Side note aside, what would be the Knapsack entropy anyway?

With Knapsack we can calculate the probabilities of links, but from there we have to get to entropy somehow.

1. Maybe the most obvious improvement would be that those links would be weighed by amounts as a 30% probable link between 1BTC and 100BTC isn't equivalent to a 30% link between 1BTC and 2BTC.
2. Then maybe we could say that the total volume of a mix would be 1, instead of 47.5BTC so we can compare different mixes regardless the volume.

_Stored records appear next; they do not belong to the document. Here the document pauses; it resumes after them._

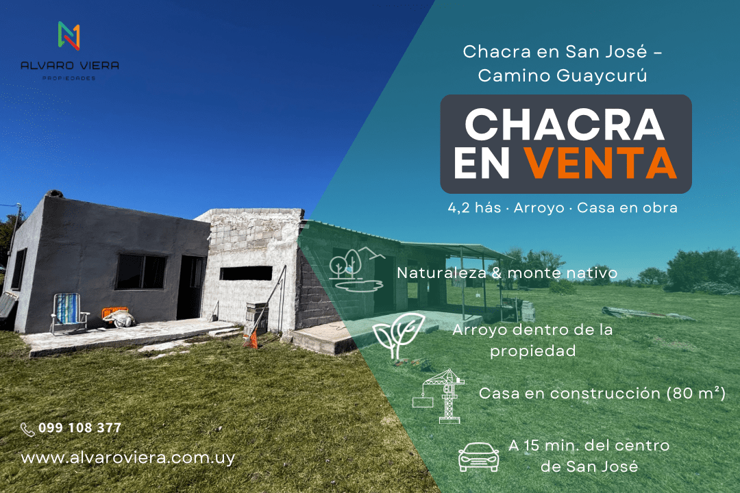 Hermosa chacra ubicada en un entorno natural privilegiado, a solo 15 minutos de la ciudad de San José por Camino Guaycurú.
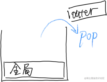 - outer函数再返回值。outer函数执行完毕,第二个栈帧被弹出栈
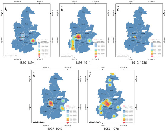 Kernel density distribution of Tianjin’s industrial heritage by historical periods.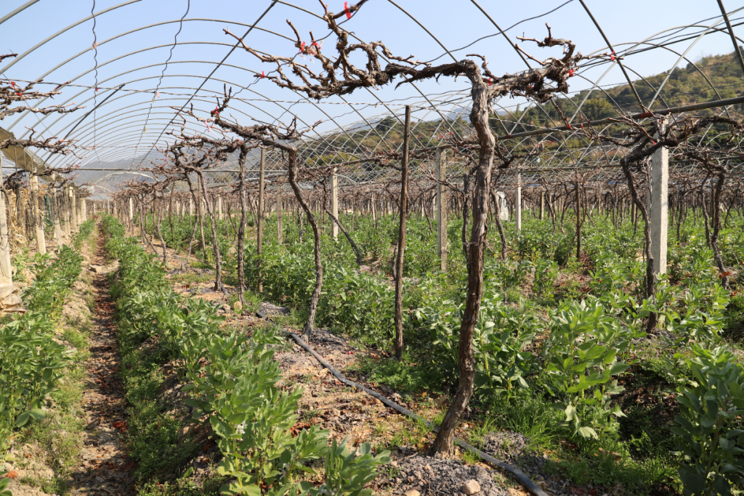 据了解,利用冬春休园季在葡萄园短周期套种蚕豆,既能盘活闲置土地资源,增加葡萄园的单位面积产出效益,蚕豆秸杆留园还能作为绿肥,还田后改善土壤肥力,来年葡萄生长提供优质有机肥。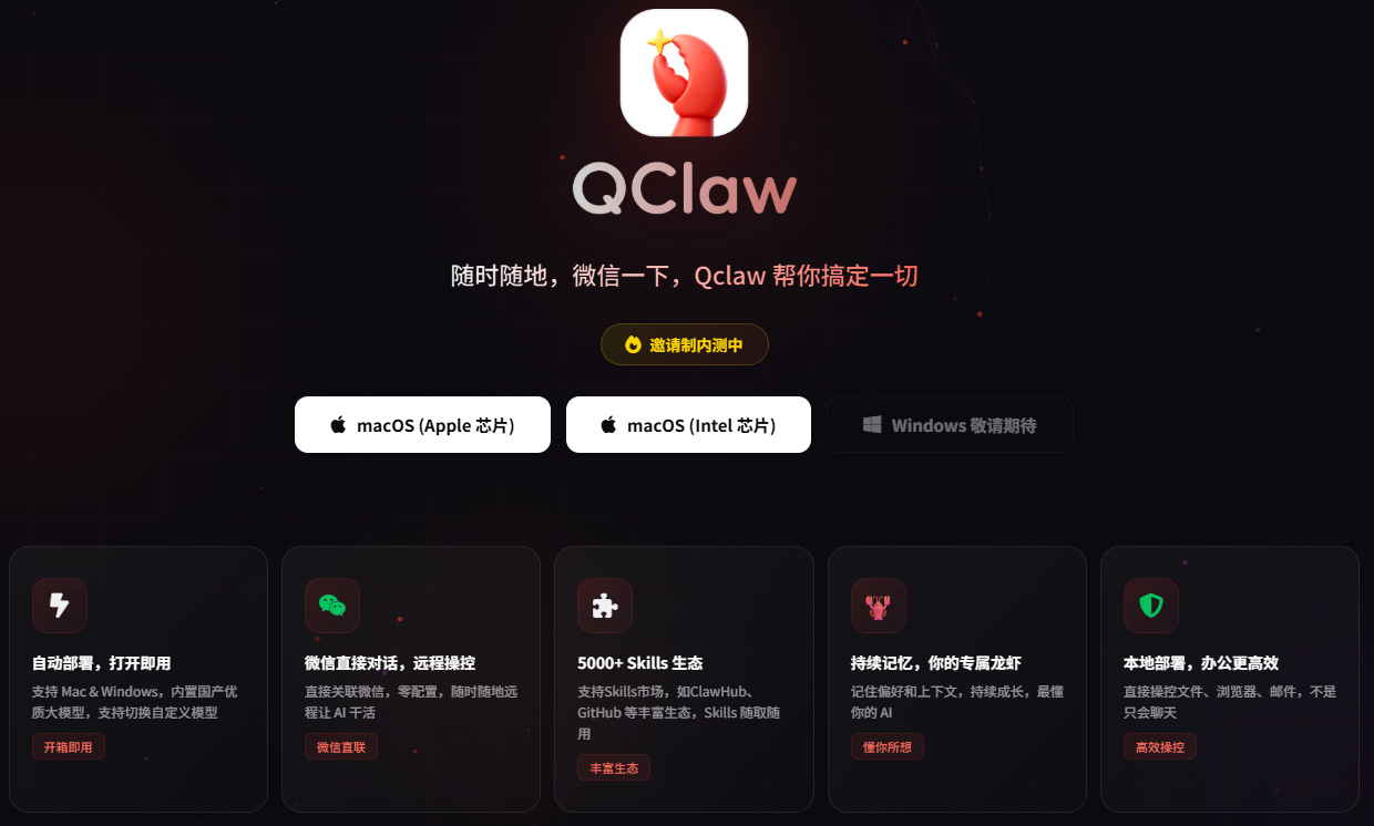 Qclaw 主要功能:
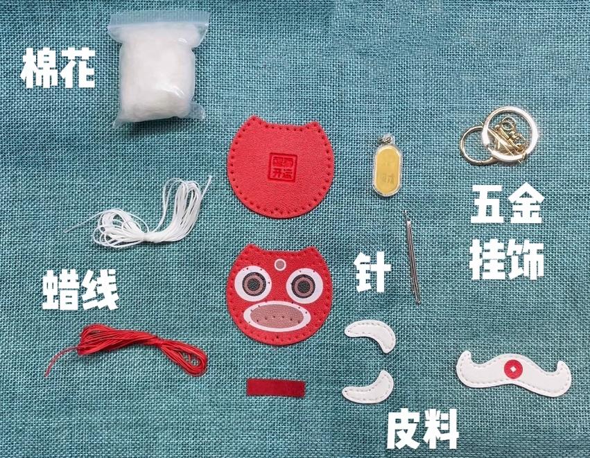 皮料、棉花、蜡线、圆头针、五金挂饰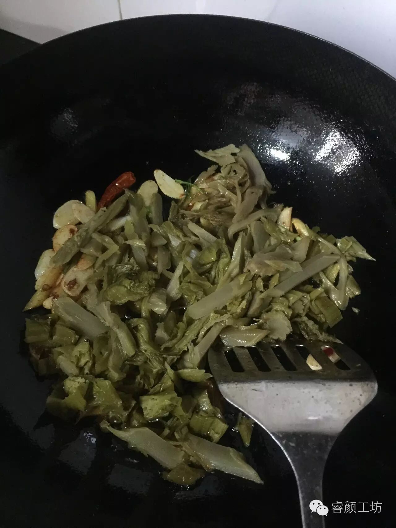 4. 加入酸菜翻炒;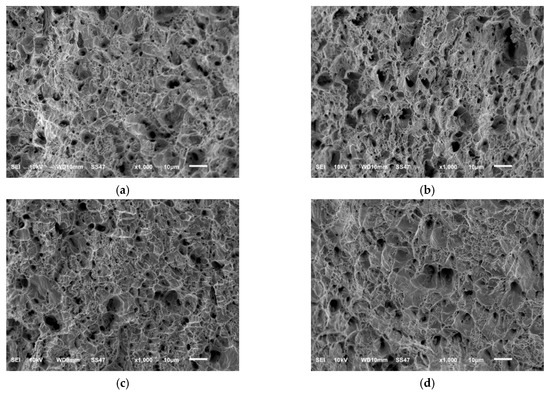 Scanning electron microscope (SEM) fracture images of specimens fractured by uniaxial tension after pre-cycles. (a) = 0%; (b) = 33.3%; (c) = 50%; (d) = 75%.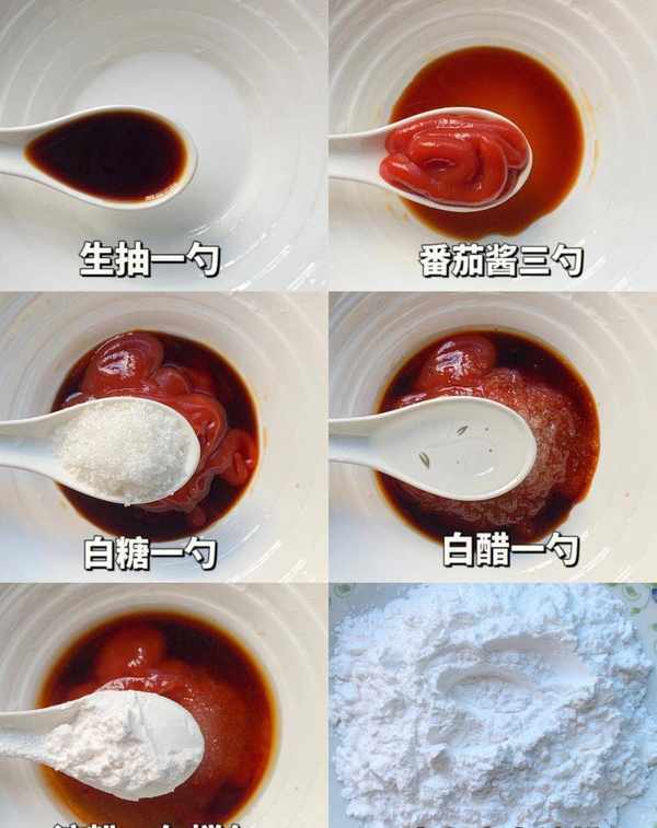 準備糖醋醬料,將生抽、番茄醬、白糖、白醋和淀粉攪拌均勻備用。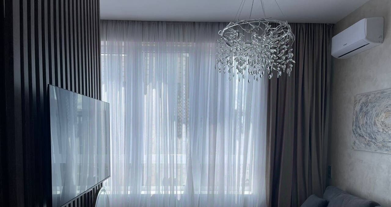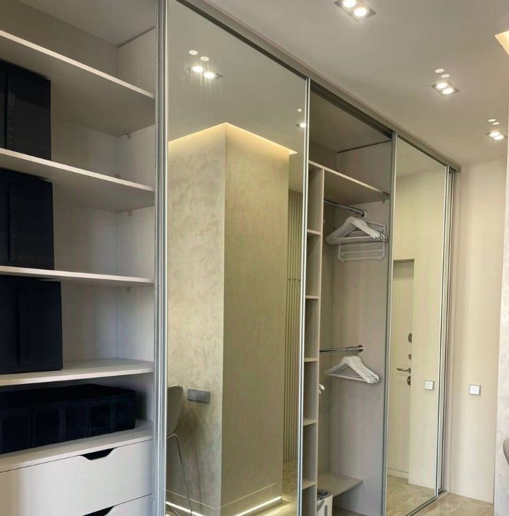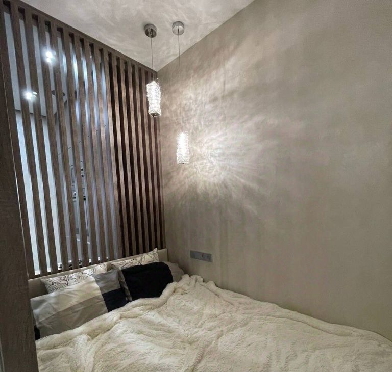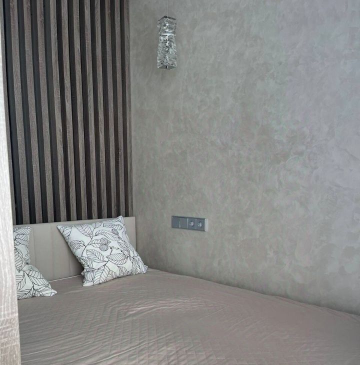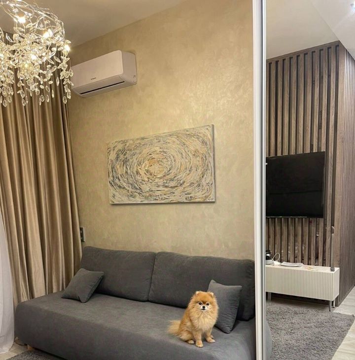 В квартире двуспальная кровать и полутороспальный диван, четырехметровый шкаф, кухня со встроенной техникой европейского производства.

Example. So for tx `1, 2 -> 1, 1, 1` we would get the following:

``````Sub mappings:
1,2 -> 1,1,1
1 -> 1 | 2 -> 1,1
1 -> 1 | 2 -> 1,1
1 -> 1 | 2 -> 1,1

Input match probabilities:
1 - inputs: 2(0.25) | outputs: 1(0.5) 1(0.5) 1(0.5)
2 - inputs: 1(0.25) | outputs: 1(0.75) 1(0.75) 1(0.75)

Output match probabilities:
1 - outputs: 1(0.5) 1(0.5) | inputs: 1(0.5) 2(0.75)
1 - outputs: 1(0.5) 1(0.5) | inputs: 1(0.5) 2(0.75)
1 - outputs: 1(0.5) 1(0.5) | inputs: 1(0.5) 2(0.75)
``````

This is how far Knapsack goes. Next thing could be to normalize the amounts to 1 based on the total volume for comparisions between transactions, which is `3BTC`, so then the amounts would be `1/3, 2/3 -> 1/3, 1/3, 1/3`.

And then maybe add the amounts together and multiply them with the link probabilities?

• 1BTC input links to other inputs and outputs: `(1/3 + 2/3) * 0.25 + (1/3 + 1/3) * 0.5 + (1/3 + 1/3) * 0.5 + (1/3 + 1/3) * 0.5`
• 2BTC input links to other inputs and outputs: `(2/3 + 1/3) * 0.25 + (2/3 + 1/3) * 0.75 + (2/3 + 1/3) * 0.75 + (2/3 + 1/3) * 0.75`
• 3 times 1BTC output links to other outputs: `3 * ((1/3 + 1/3) * 0.5 + (1/3 + 1/3) * 0.5)`

The result of this would be `5.75` = `(1/3 + 2/3) * 0.25 + (1/3 + 1/3) * 0.5 + (1/3 + 1/3) * 0.5 + (1/3 + 1/3) * 0.5 + (2/3 + 1/3) * 0.25 + (2/3 + 1/3) * 0.75 + (2/3 + 1/3) * 0.75 + (2/3 + 1/3) * 0.75 + 3 * ((1/3 + 1/3) * 0.5 + (1/3 + 1/3) * 0.5)`.

And the Boltzmann (not Shannon, I hope I name it properly now) entropy for 3 interpretations would be `1.58`.

I'm far from sure my calculations are correct, but it communicates the idea. Is this how entropy based on link probabilities should be calculated? Or there's a better way to do it?